Monnaie numérique : les Bahamas, pionniers mondiaux avec le Sand Dollar
En octobre 2020, les Bahamas ont lancé le Sand Dollar, première monnaie numérique de banque centrale (CBDC) pleinement opérationnelle au monde (sanddollar.bs). L’objectif : moderniser les paiements, renforcer l’inclusion financière, et garantir la continuité monétaire en cas de catastrophe naturelle.
Cette innovation a placé l’archipel en avance sur les grandes puissances économiques, et a inspiré d’autres initiatives régionales comme le DCash dans les Caraïbes orientales. La numérisation monétaire devient ainsi un levier stratégique de modernisation de l’économie caribéenne, notamment dans les territoires à forte dispersion géographique.

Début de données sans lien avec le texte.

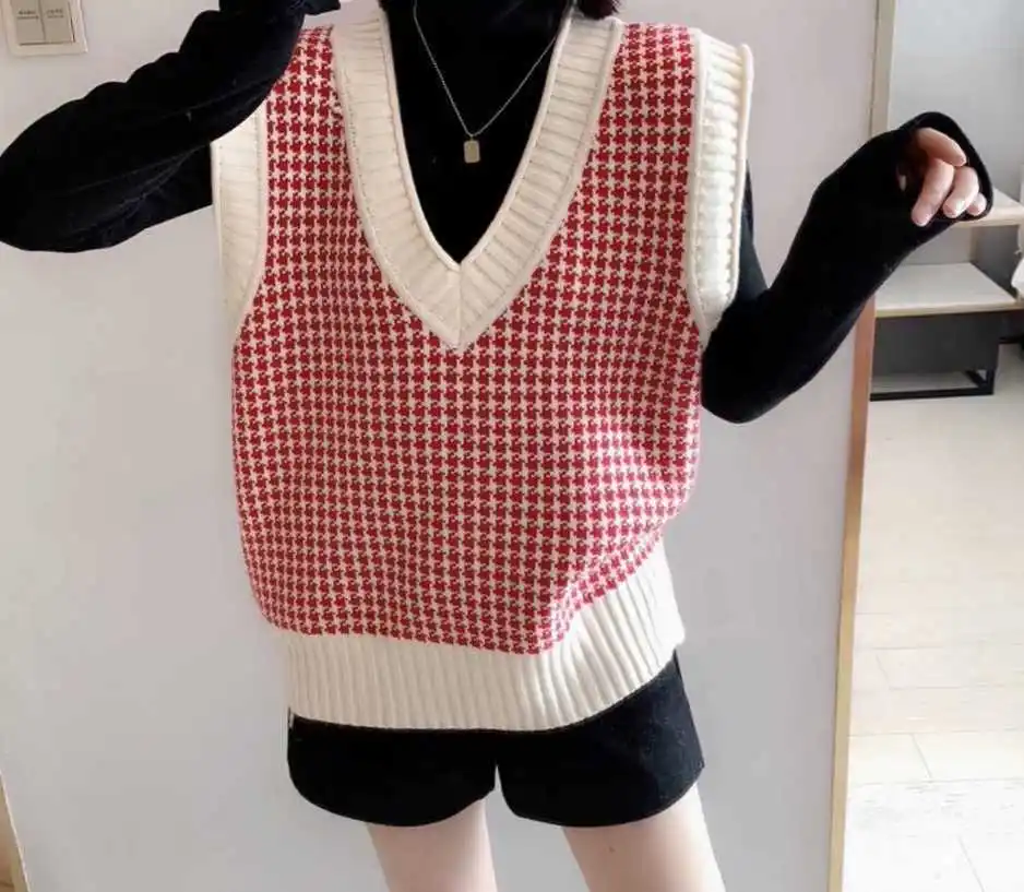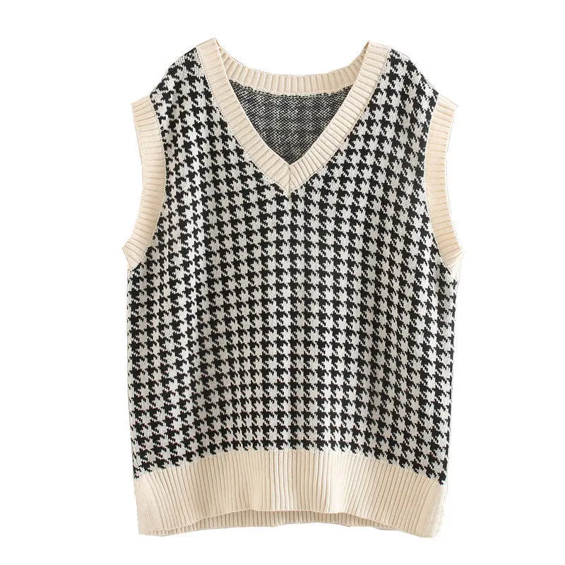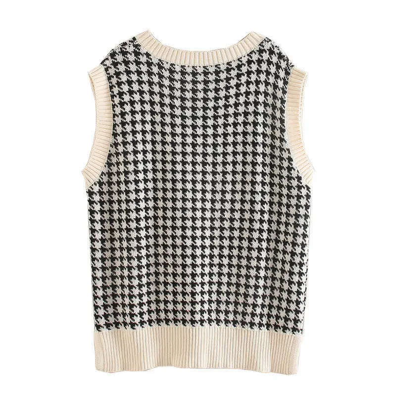 Номер моделиHoundstooth Plaid Sweater Vest Women
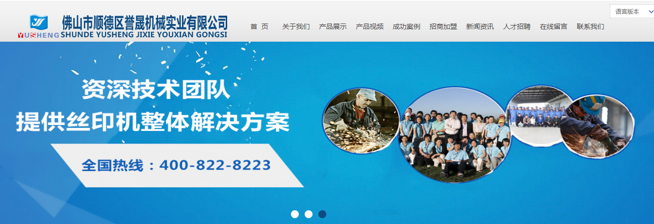 現(xiàn)在和大家一起分享廣告絲印機(jī)網(wǎng)站制作案例之佛山市順德區(qū)譽(yù)晟機(jī)械實(shí)業(yè)有限公司。
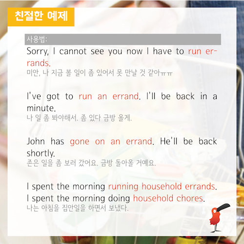 Examples i have been running errands all day today and i am so tired! So, an errand is basically a task or an assignment, something that you need to do outside of the house.
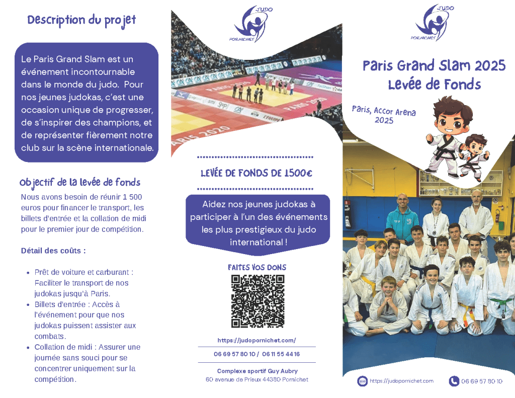 Nous avons une fabuleuse opportunité cette année : permettre à 5 de nos jeunes judokas de vivre une expérience unique en assistant au Paris Grand Slam 2025. Pour réaliser ce rêve, nous lançons une campagne de levée de fond, et avons besoin de votre soutien. L’OBJECTIF : réunir 1500 euros.
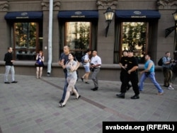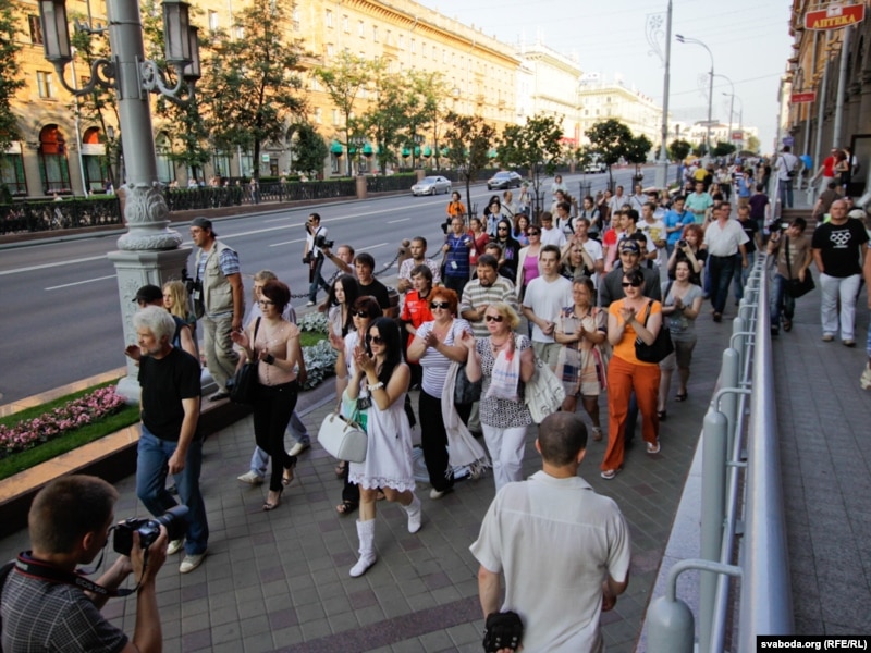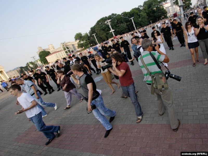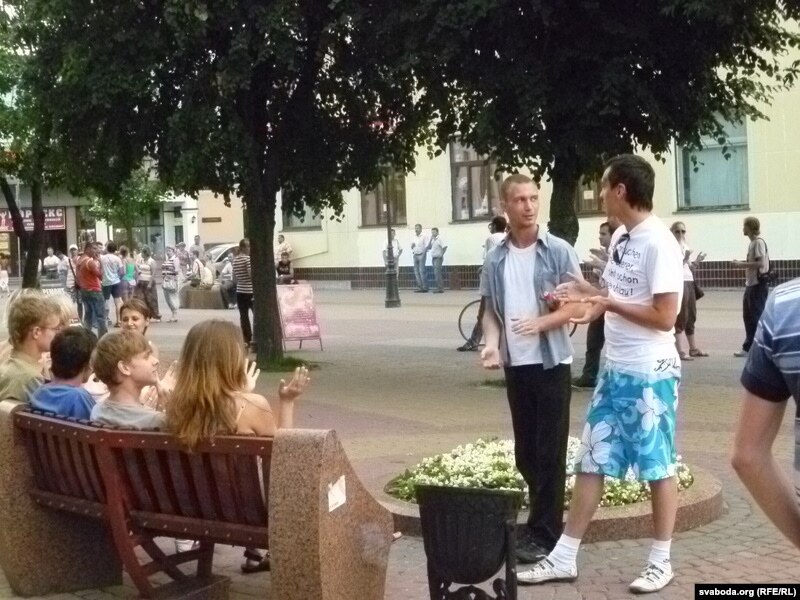 Ужо на другую акцыю на Кастрычніцкай плошчы ў Менску сабралася больш за 200 чалавек. Моладзь слухала сьпевы пад гітару і сама спрабавала сьпяваць. Тады супрацоўнікі спэцслужбаў толькі сачылі за акцыяй, і яна абышлася без затрыманьняў.
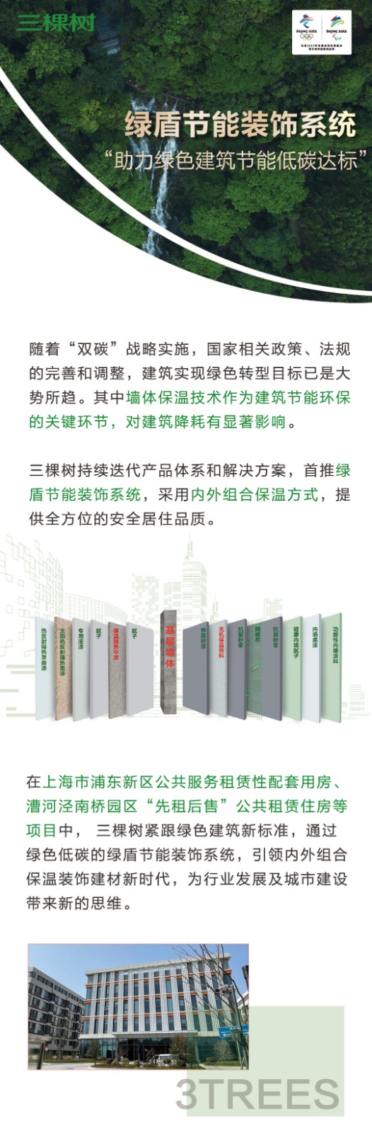 為確保工程質量安全,推動建筑節能減排,三棵樹創新研發綠盾節能裝飾系統,由建筑外墻隔熱功能涂層和內墻保溫構造組成的建筑節能裝飾系統,代替復雜厚重的保溫結構,應用于上海市浦東新區公共服務租賃性配套用房、漕河涇南橋園區“先租后售”公共租賃住房項目等項目。
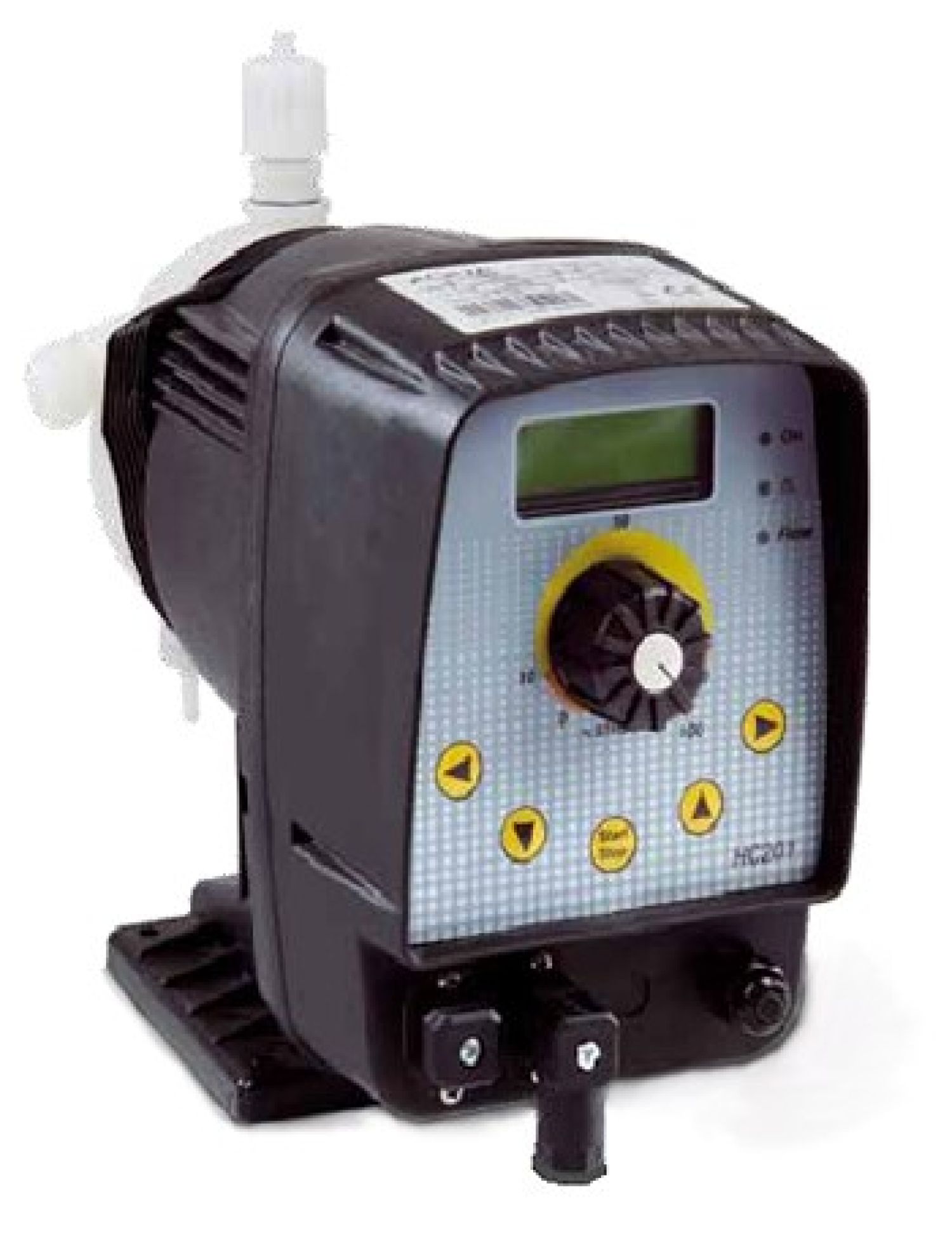 Многофункциональный дозирующий насос. Механическая регулировка впрыска. Микропроцессор, цифровое управление и удобный дисплей. Пропорциональное дозирование по средством цифрового сигнала от импульсного водомера или от датчика 4-20А. Постоянная производительность с возможностью регулирования от 0-120 впрысков в минуту. Минимум 1 импульс в 10 мин. Управляется таймером 24 часа\7дней.
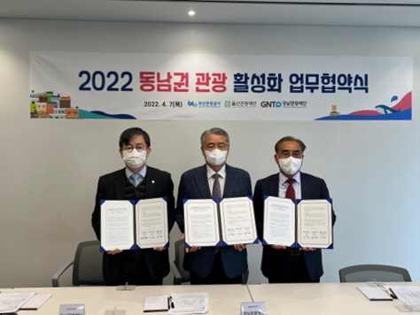 부산관광공사는 울산관광재단, 경남관광재단과 함께 7일 부울경 관광발전을 달성하기 위한 업무협약을 체결했다.

Diaspora et transferts d’argent : un moteur vital pour Haïti et la région
En Haïti, les transferts de fonds de la diaspora ont atteint environ 3,8 milliards USD en 2022, soit quatre fois plus que les recettes d’exportation du pays (Haiti Times). Cette dépendance extrême reflète un modèle économique centré sur les envois de fonds depuis l’étranger.
À l’échelle régionale, les remises migratoires représentent en moyenne 7 % du PIB, avec des pics dépassant les 20 % en Jamaïque, où elles sont considérées comme une véritable ligne de vie économique (The Dialogue). Ces flux jouent un rôle crucial dans l’équilibre de l’économie caribéenne, en soutenant la consommation, l’éducation et l’investissement privé au sein des foyers.
Une économie caribéenne en mutation, entre opportunités et vulnérabilités
L’économie caribéenne évolue entre promesses de transformation (pétrole, numérique, tourisme) et contraintes structurelles (endettement, dépendance extérieure, vulnérabilité climatique). Les chiffres soulignent à la fois l’ingéniosité des réponses régionales et la persistance de fragilités profondes.
Soutenir les trajectoires durables, renforcer les institutions publiques, et mieux intégrer les diasporas et les innovations sont des leviers décisifs pour bâtir une économie caribéenne plus inclusive, résiliente et souveraine.